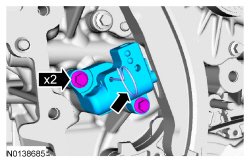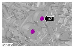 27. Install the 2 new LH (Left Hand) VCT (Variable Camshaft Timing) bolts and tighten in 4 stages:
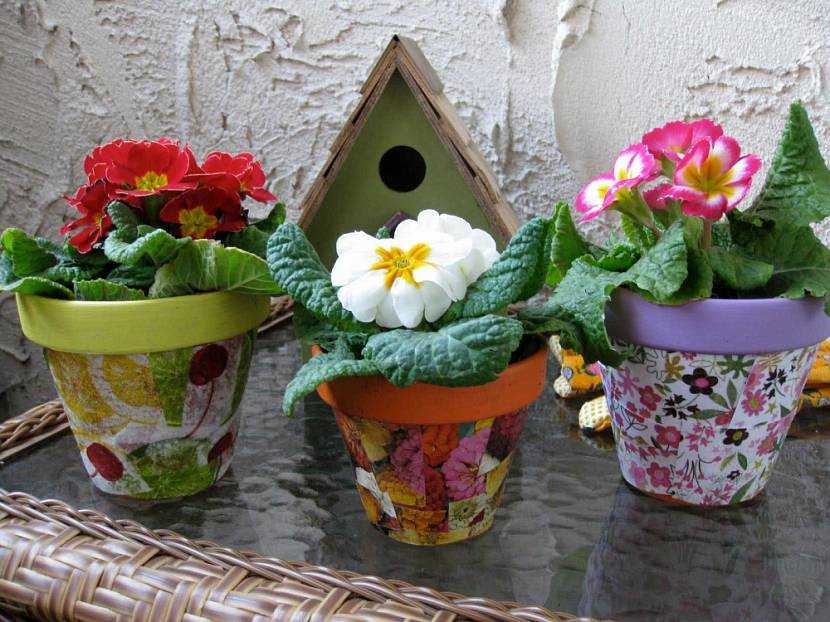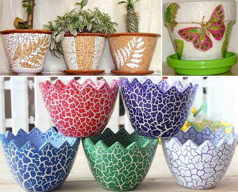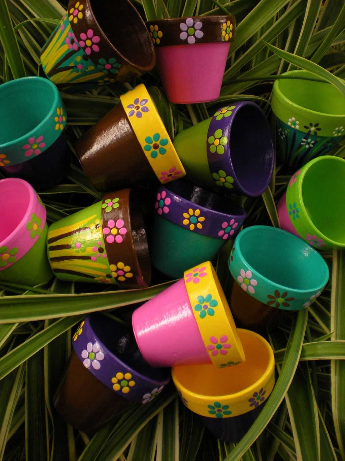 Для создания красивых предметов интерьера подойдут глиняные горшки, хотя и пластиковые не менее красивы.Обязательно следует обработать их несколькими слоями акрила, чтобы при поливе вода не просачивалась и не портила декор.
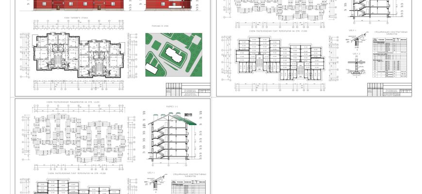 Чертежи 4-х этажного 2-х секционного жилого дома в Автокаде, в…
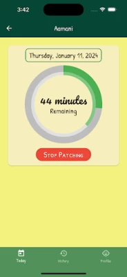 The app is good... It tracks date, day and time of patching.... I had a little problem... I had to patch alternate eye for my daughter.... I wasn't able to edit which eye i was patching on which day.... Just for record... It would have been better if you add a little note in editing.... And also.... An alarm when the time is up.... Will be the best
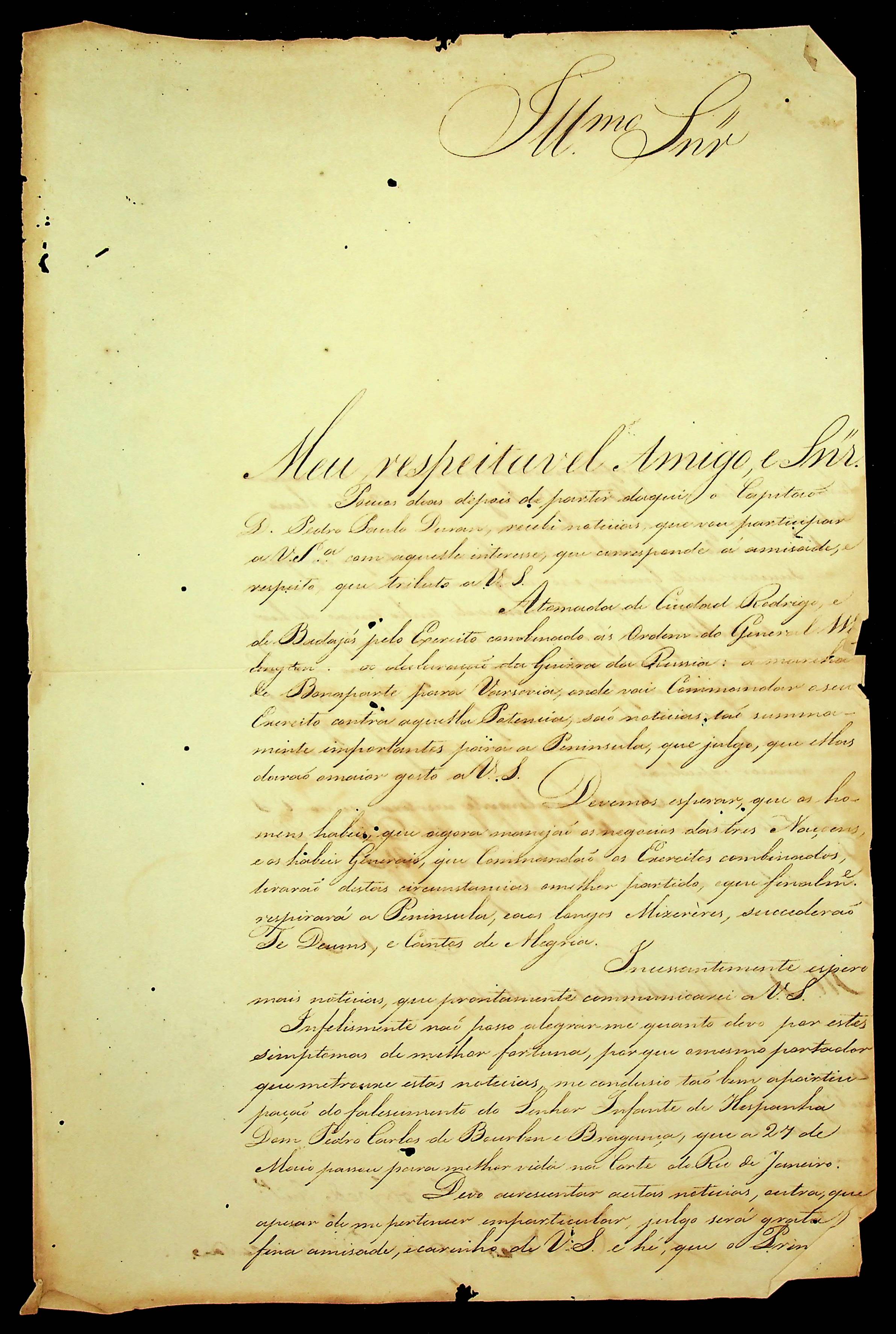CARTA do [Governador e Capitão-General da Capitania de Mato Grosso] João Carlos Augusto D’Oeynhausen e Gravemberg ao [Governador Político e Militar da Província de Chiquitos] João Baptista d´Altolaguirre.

══════════════════════════════

Your objective.
Leaving the pictures aside, output each entry above exactly as written.

Written response.
 27. Install the 2 new LH (Left Hand) VCT (Variable Camshaft Timing) bolts and tighten in 4 stages:
 Для создания красивых предметов интерьера подойдут глиняные горшки, хотя и пластиковые не менее красивы.Обязательно следует обработать их несколькими слоями акрила, чтобы при поливе вода не просачивалась и не портила декор.
 Чертежи 4-х этажного 2-х секционного жилого дома в Автокаде, в…
 The app is good... It tracks date, day and time of patching.... I had a little problem... I had to patch alternate eye for my daughter.... I wasn't able to edit which eye i was patching on which day.... Just for record... It would have been better if you add a little note in editing.... And also.... An alarm when the time is up.... Will be the best
CARTA do [Governador e Capitão-General da Capitania de Mato Grosso] João Carlos Augusto D’Oeynhausen e Gravemberg ao [Governador Político e Militar da Província de Chiquitos] João Baptista d´Altolaguirre.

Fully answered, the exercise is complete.